Текст книги "Вариант единорога"
Автор книги: Роджер Джозеф Желязны
Жанры:
Научная фантастика
,сообщить о нарушении
Текущая страница: 52 (всего у книги 54 страниц)
Византийская полночь
Сверкающий машинный ад, где эбеновые стены говорят в завтра. Торопливо пощелкивали челюсти, с треском статических разрядов перемалывая ушедшие дни.
Машина переваривала прошлое, жадно глотала, бормоча будущему: «Ты мое ты мое ты мое»,– и собеседник отражался в ее полированных боках.

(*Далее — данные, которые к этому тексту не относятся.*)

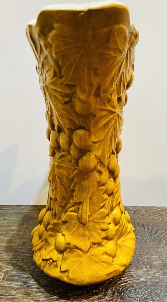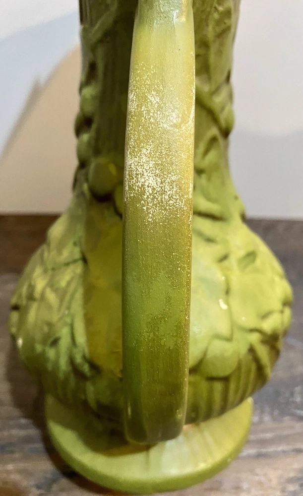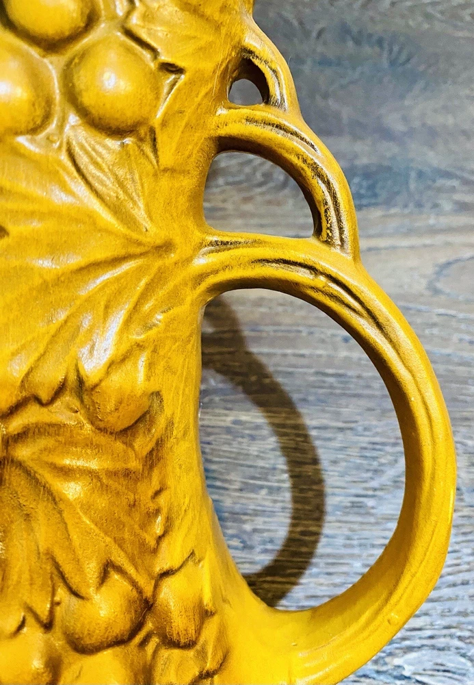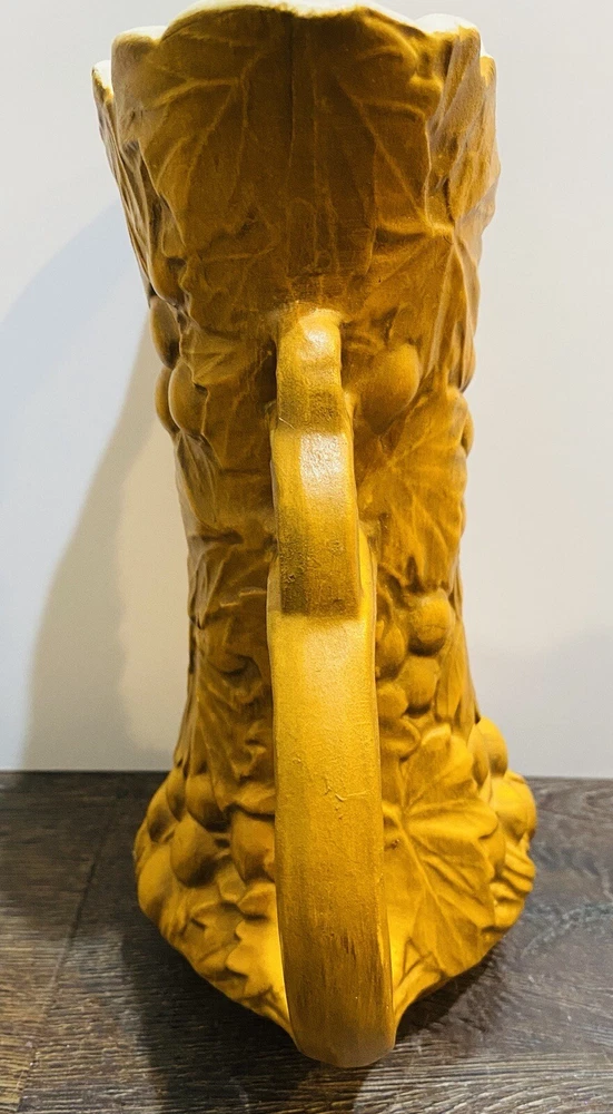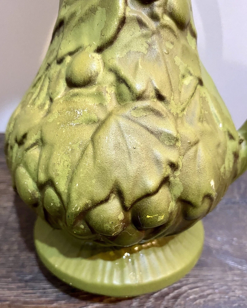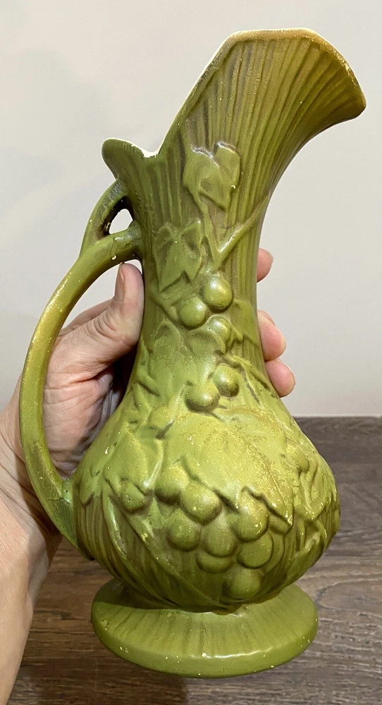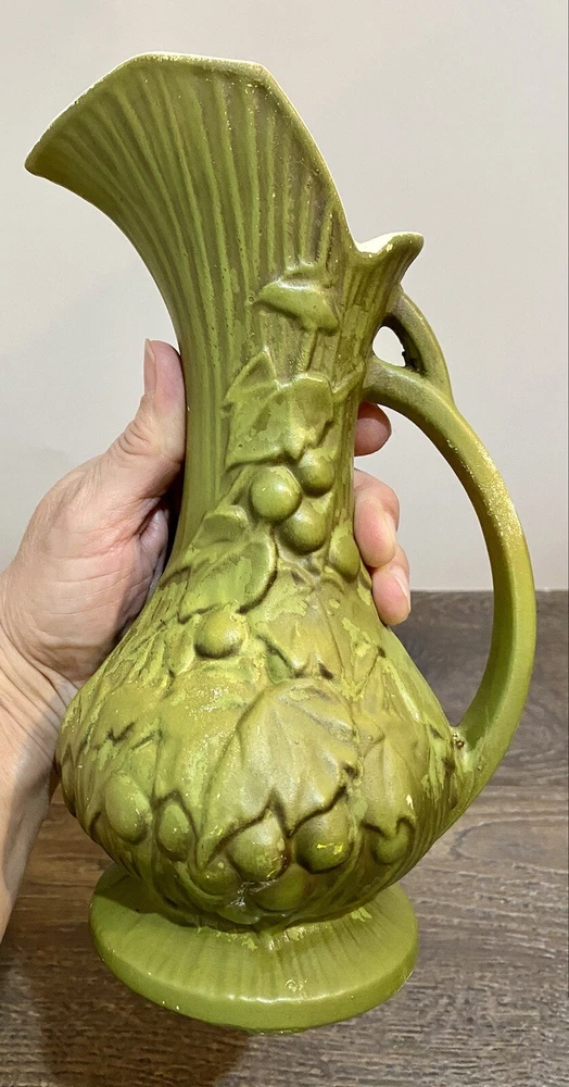 There is paint fading and imperfections with the vases. Please view all pictures as reference. Add a touch of vintage charm to your collection with this beautiful set of three McCoy Pottery Pitchers. Each pitcher features a glossy finish with a pattern of grapes and leaves in vibrant shades of yellow, red, and green. Handmade in the USA in the 1950s, these pitchers are a true representation of art pottery production technique. They have been well-preserved over the years and are in great condition. The item has a unique style and is perfect for both decorative purposes and serving drinks. Please read before bidding/buying: My items are usually pre-owned or vintage items and show signs of wear from years of use and storage --not brand new condition. Please take this into consideration when buying. I try to describe the item as accurately as possible and provide several pictures so you can determine condition. I am not familiar with everything so please ask questions before buying or let me know if you think I've overlooked any details. Items are sold as is with all sales being final. Payment is expected within 5 days or an unpaid item case will be opened with Ebay. I always leave feedback upon receiving feedback. This is how I know all is well and you're item arrived in good order. Thanks for your interest. **All reasonable offers considered**

Человек, представший перед Автоматическим Наблюдательным Устройством, потер серо-стальную челюсть двумя естественными пальцами. Механические ноги пружинили, когда он прохаживался в ожидании. Когда он вступал в цветной круг, роботы-охранники настороженно поворачивались к нему.
Наконец панель засветилась. Щелканье перешло в гул, из зарешеченных отверстий хлынули звуки:
– Уильям Батлер Йитс [28]28
Йитс, Уильям Батлер (1865-1939) – ирландский поэт и драматург, лауреат Нобелевской премии.
[Закрыть], ты обвиняешься в писании на стенах уборной. Признаешь ли себя виновным?
– Нет,– ответил человек, не останавливаясь.– Меня зовут не Уильям Батлер Йитс.
– Я отметил это. Более того, ты обвиняешься в незаконном обладании именем, употреблении запрещенных семантических единиц и владении инструментами для письма. Признаешь ли ты себя виновным по этим пунктам?
– Я не Уильям Батлер Йитс,– повторил он.– Я уже не знаю, какие слова Резлаб удалил из языка на сей раз. И что значит «инструменты для письма»?
Он замер, как ворон на проводе. Роботы тоже застыли.
– Схваченный в уборной сектора девять, ты имел при себе четыре спички и зажигалку, которой опаливал их концы. В момент ареста ты писал на стенах указанной уборной поэму «Отплывая в Византию». Ты отрицаешь это?
– Нет,– ответил человек.
– В таком случае приговор – «виновен». Имеется предположение, что ты частично виновен в подобных инцидентах, происходивших на протяжении многих лет. Ты отрицаешь это предположение?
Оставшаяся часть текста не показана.